Friday, November 9, 2012

Like Mark Twain, Clean Energy is Alive and Well

Happily, clean energy is like Mark Twain whose "reports of my death have been greatly exaggerated."

Despite what David Brooks thinks.  Clean energy defenders thoroughly countered his recent attempt at clean energy's eulogy.  

That at least several influential people responded to Brooks's funeral dirge in the first place is reason enough for hope.  It's clear that clean energy is a business not a cause. 

Stephen Cowell, CEO of Conservation Services Group, provided several great points not least of which is that we need renewable energy in our future; calling it unnecessary is folly:

"We may be able to extend our fossil fuel addiction by another 30 years, but we can't afford to close our eyes to long-term reality in the face of short-term economic conditions. We must continue supporting renewable energy and efficient technologies, or the planet, us, our children and future generations will suffer." 

Cowell also challenged the so-called demise of clean energy investments:

"Despite a few that have not fared well, many clean energy investments are paying off.

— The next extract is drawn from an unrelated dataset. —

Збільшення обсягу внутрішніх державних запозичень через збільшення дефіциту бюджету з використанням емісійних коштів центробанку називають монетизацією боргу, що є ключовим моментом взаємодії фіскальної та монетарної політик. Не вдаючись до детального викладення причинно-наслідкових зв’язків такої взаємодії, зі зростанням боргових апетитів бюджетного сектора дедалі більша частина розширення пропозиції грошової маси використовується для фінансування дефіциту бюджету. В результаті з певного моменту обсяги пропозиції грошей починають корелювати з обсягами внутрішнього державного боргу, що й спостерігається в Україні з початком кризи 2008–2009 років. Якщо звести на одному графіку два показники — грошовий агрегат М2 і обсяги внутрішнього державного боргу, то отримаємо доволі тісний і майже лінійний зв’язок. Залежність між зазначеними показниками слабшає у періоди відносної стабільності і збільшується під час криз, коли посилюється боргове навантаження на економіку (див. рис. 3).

At a 90 percent success rate, they're far outpacing the success of private, venture-capital-funded companies and are employing thousands.

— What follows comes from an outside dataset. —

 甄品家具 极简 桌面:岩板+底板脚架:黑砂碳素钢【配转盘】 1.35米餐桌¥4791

In terms of the loan recipients, the federal government has a very respectable track record. Of the 33 companies that received federal support, only three have gone out of business. This is hardly a "wasteful disappointment." We should celebrate these success stories, instead of allowing them to be overshadowed by the Solyndras of the industry."

Read his whole post here.

Meanwhile, Frances Moore Lappe, author of  Diet for a Small Planet, finds clean energy's strong heartbeat:

"Even here in the U.S., with our comparatively timid renewable energy platform, analysis by the Brookings Institution shows that despite the recession, from 2008-2010, US jobs in clean energy -- like smart grids, solar PV and wind -- outpaced our employment growth in other sectors by about two to one, thanks in part to the federal stimulus.

What's more, clean, technology-related jobs already outnumber fossil fuel jobs, even though those dirty jobs have benefited from billions of government support annually over many decades."

Read her whole post here.

As I'm sure Mark Twain toasted his own health (with much humor), I'll raise the cup to clean energy.  Long live clean energy.